Results comparing halt_poll_ns and server/client application
where a small packet is ping-ponged:
host --> 31.33
halt_poll_ns=300000 / no guest busy spin --> 33.40 (93.8%)
halt_poll_ns=0 / guest_halt_poll_ns=300000 --> 32.73 (95.7%)
For the SAP HANA benchmarks (where idle_spin is a parameter
of the previous version of the patch, results should be the
same):
hpns == halt_poll_ns
idle_spin=0/ idle_spin=800/ idle_spin=0/
hpns=200000 hpns=0 hpns=800000
DeleteC06T03 (100 thread) 1.76 1.71 (-3%) 1.78 (+1%)
InsertC16T02 (100 thread) 2.14 2.07 (-3%) 2.18 (+1.8%)
DeleteC00T01 (1 thread) 1.34 1.28 (-4.5%) 1.29 (-3.7%)
UpdateC00T03 (1 thread) 4.72 4.18 (-12%) 4.53 (-5%)

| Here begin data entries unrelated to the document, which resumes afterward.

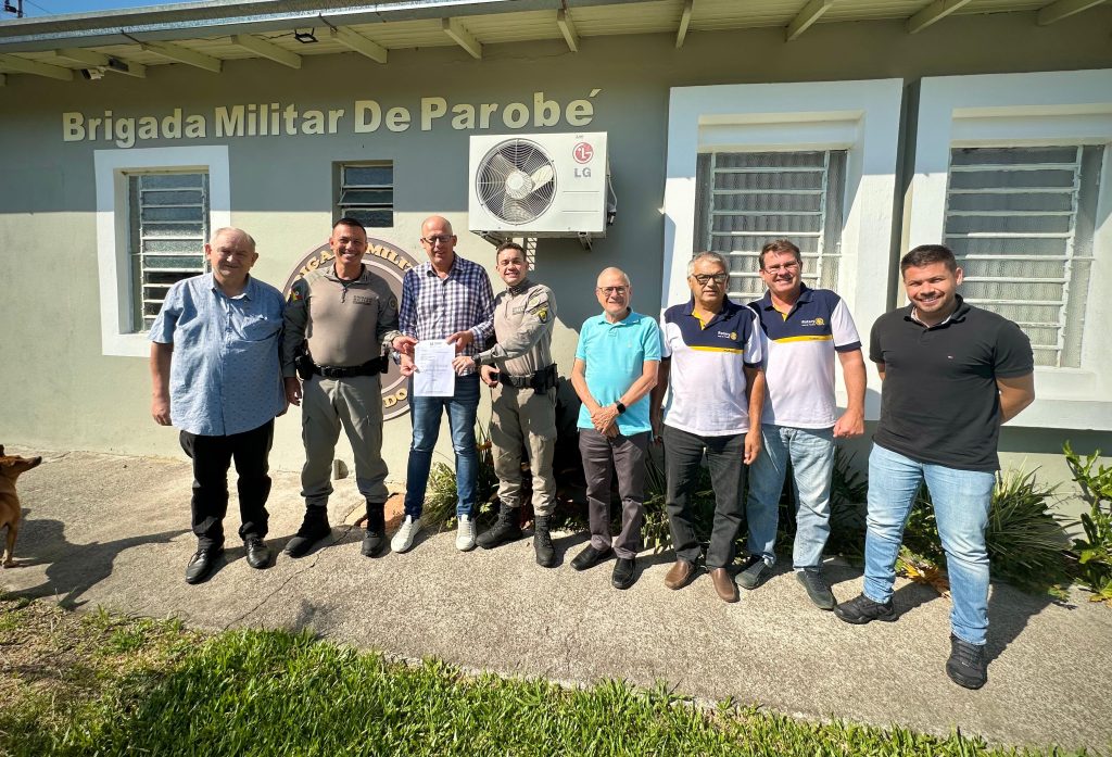 O documento foi entregue ao tenente-coronel Pedro da Cunha e ao Capitão Rodolfo Petrus, em um encontro que também contou com a presença de representantes de entidades locais, como Walter Boeira, Gilberto Wichmann e Volnei, do Rotary Club de Parobé; Geraldo Both, presidente do Lions Club de Parobé; e o empresário André Wichmann.
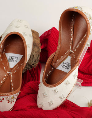 This elegant off-white Khussa features delicate silver thread embroidery scattered gracefully
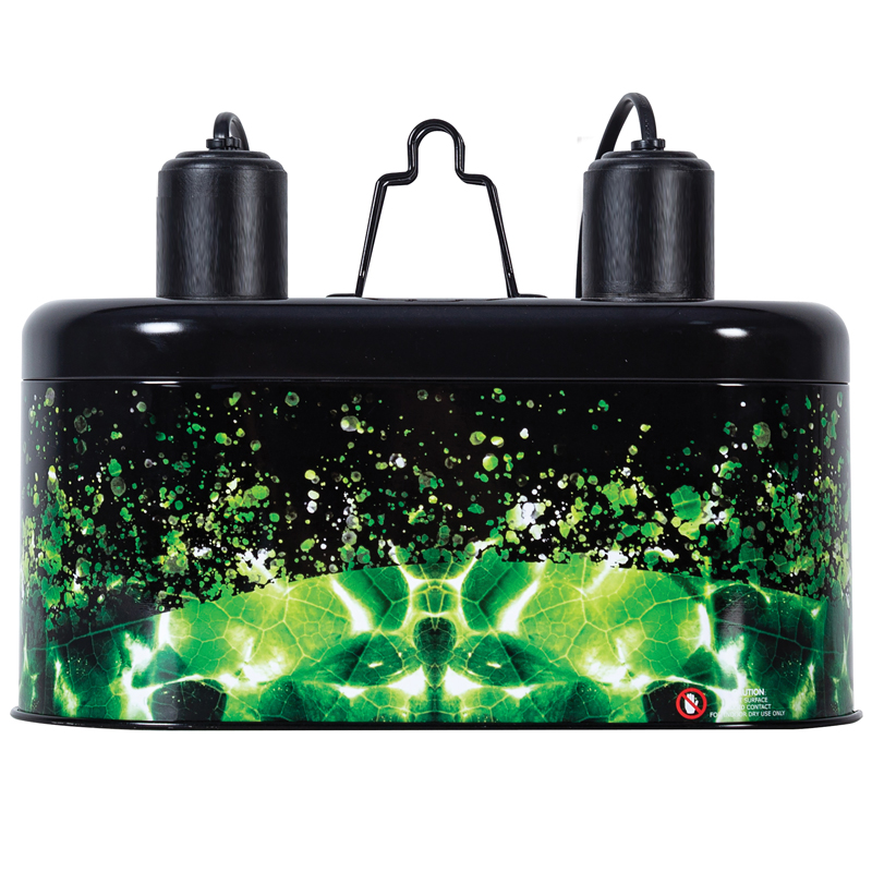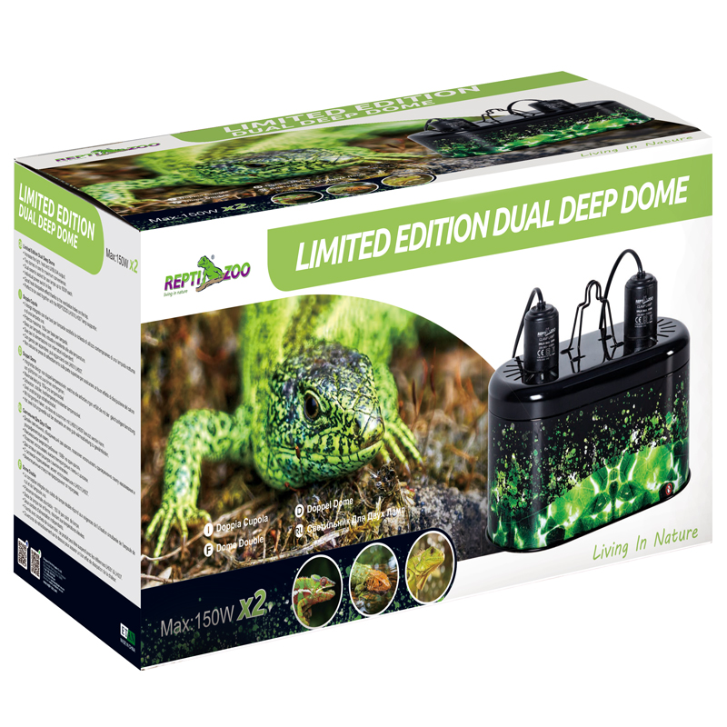 Светильник представляет собой рефлектор с оптическим отражателем, который изготовлен из высококачественного алюминия, нанесенного слоем 0,8 мм и имеющим идеально гладкую поверхность. Рефлектор оборудован двумя керамическими цоколями Е27, что позволяет устанавливать в них любые необходимые лампы: накаливания, галогеновые, спиральные люминесцентные. Светильники Repti-Zoo серии DRL можно использовать в террариумах с различными видами рептилий. Для удобства включения/выключения оба сетевых шнура оснащены выключателями. Максимальная нагрузка на один цоколь - 150 Вт. Благодаря нанесенному на купол рисунку, эта модель светильника гармонично впишется в тропический террариум.
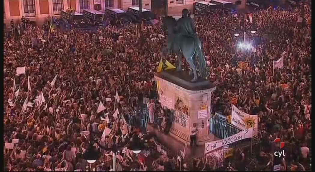 El 15 M celebra su primer cumpleaños con marchas pacíficas y multitudinarias. En Madrid, epicentro del movimiento, las protestas concluyeron de madrugada con el desalojo de un centenar de jóvenes. La policía también ha intervenido en ciudades como Valencia o Palma de Mallorca.
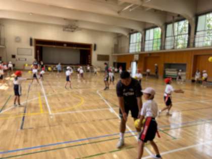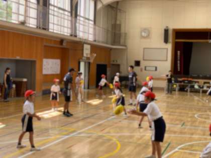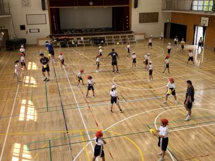 リコーラグビー部の皆さんを招いて、タグラグビーの授業が行われました

Signed-off-by: Marcelo Tosatti <mtosatti@redhat.com>
---
Documentation/virtual/guest-halt-polling.txt | 79 ++++++++++++
drivers/cpuidle/Kconfig | 11 +
drivers/cpuidle/governors/Makefile | 1
drivers/cpuidle/governors/haltpoll.c | 175 +++++++++++++++++++++++++++
4 files changed, 266 insertions(+)
Index: linux-2.6.git/drivers/cpuidle/Kconfig
===================================================================
--- linux-2.6.git.orig/drivers/cpuidle/Kconfig 2019-06-13 18:05:46.456294042 -0400
+++ linux-2.6.git/drivers/cpuidle/Kconfig 2019-06-13 18:14:58.981570277 -0400
@@ -33,6 +33,17 @@
Some workloads benefit from using it and it generally should be safe
to use. Say Y here if you are not happy with the alternatives.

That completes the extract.